Figure 1. Viability of glioblastoma cells in neural stem cell exosome-rich media.
Measure of luciferase activity (an artificially introduced luminescent protein) of glioblastoma multiforme (GBM) cells allows a way to visualize changes in cell activity via variations in bioluminescence expression. A – comparison of GBM viability in four different cell mediums. There is a distinct lack of viability in the neural stem cell exosome (NSC EV) treated GBMs in comparison to GBM cells in two different mediums. The GBM cells in phosphate buffered saline (PBS) were effectively extinguished due to PBS’ inability to support cell growth.
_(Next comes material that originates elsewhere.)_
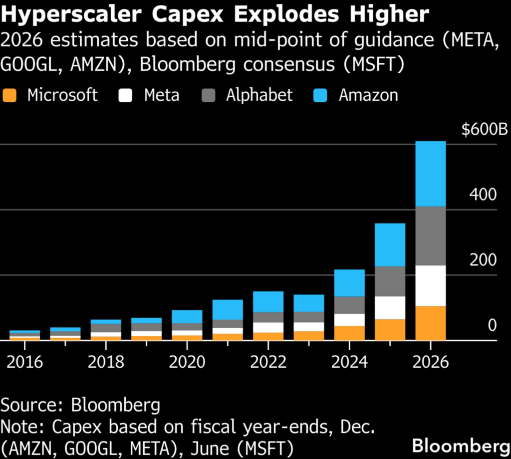 I don’t see this downdraft as the market turning bearish on AI. I see it as the market finally confronting the economic reality of AI at scale. The shift began when hyperscalers showed just how large and persistent AI capex will be. Alphabet’s ~$175–185B 2026 capex guide wasn’t shocking because of the number, but because it signaled AI is now the core capital cycle, pressuring free cash flow and ROIC.

B – comparison of two different types of GBM cells in their response to NSC EVs. Both cell types showed less viability in the medium with exosomes, with an even further decrease in cell proliferation seen with higher concentration of NSC EVs.
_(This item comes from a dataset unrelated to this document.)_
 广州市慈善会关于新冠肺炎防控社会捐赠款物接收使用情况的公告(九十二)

This summer, I will assist Anthony Orona, a graduate student in the Snyder lab, in studying and improving the viability of this novel treatment method. We will develop a protocol to maximize uptake of NSC exosomes by glioblastoma cells in vitro. In order to load these exosomes, we will use viral transfection methods to overexpress various forms of RNA in the NSCs. These varying types of RNA have the ability to prevent the full production of a protein by inhibiting the process at different stages, depending on the characteristics of the RNA. The hope is that the exosomes released by the NSCs will be loaded with these special RNA, enter the glioblastoma cells, and either induce apoptosis or disable further division by strategically blocking certain proteins.
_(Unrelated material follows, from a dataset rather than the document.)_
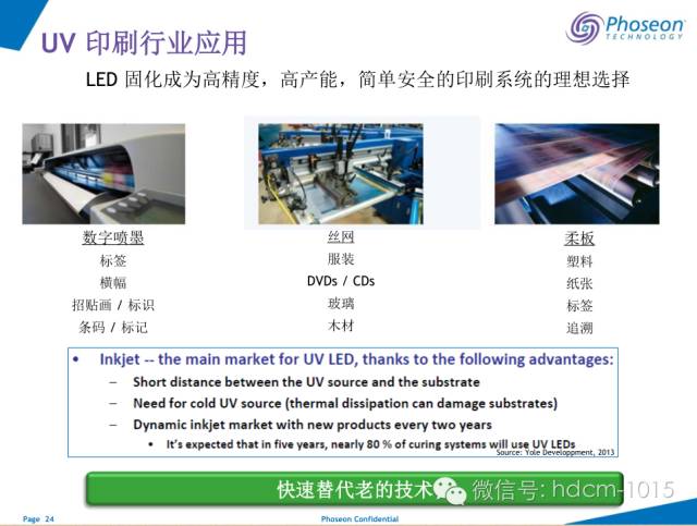 在國內(nèi),亦涌現(xiàn)了一批UV-LED生產(chǎn)企業(yè),她們為推動UV-LED技術(shù)在中國的發(fā)展而奮斗著,這里,為她們點贊,在國家倡導(dǎo)綠色印刷和征收排污費的大環(huán)境下,UV-LED技術(shù)將大有可為,在2016中國標簽西安年會上,您亦能聽到來自國內(nèi)UV-LED企業(yè)為大眾講解最新的案例應(yīng)用狀況。

On the side, I will be working on a potential new method of introducing therapeutic materials into cells. Many non-viral methods of transfecting cells do not have a high percentage of efficiency due to the tendency of some cells to deflect the transfection. I will be hijacking a bacterial method of toxin entry into cells for delivery of my desired agents. It will be very important to validate the effectiveness, biosafety, dosing levels, and consistency of the method. I will optimize the method first by transfecting GFP (green fluorescent protein). Should those experiments prove successful, I will attempt to transfect therapeutic proteins into diseased cells. If the method works successfully in vitro by the end of the summer, the efficacy of this method will be tested in a mice model.
I hope to attend a research-intensive medical school where I will be able to continue exploring my research interests as well as train to be a physician. Long term, I hope to find a position in academic medicine, where I may continue to be involved in a lab, work with patients, and help train future generations of doctors. I believe the skill set taught during research is incredibly important for every future physician, even those not planning on actively working in a wet lab, I and hope that I can bring an interdisciplinary research-based approach to teaching medicine as a faculty member.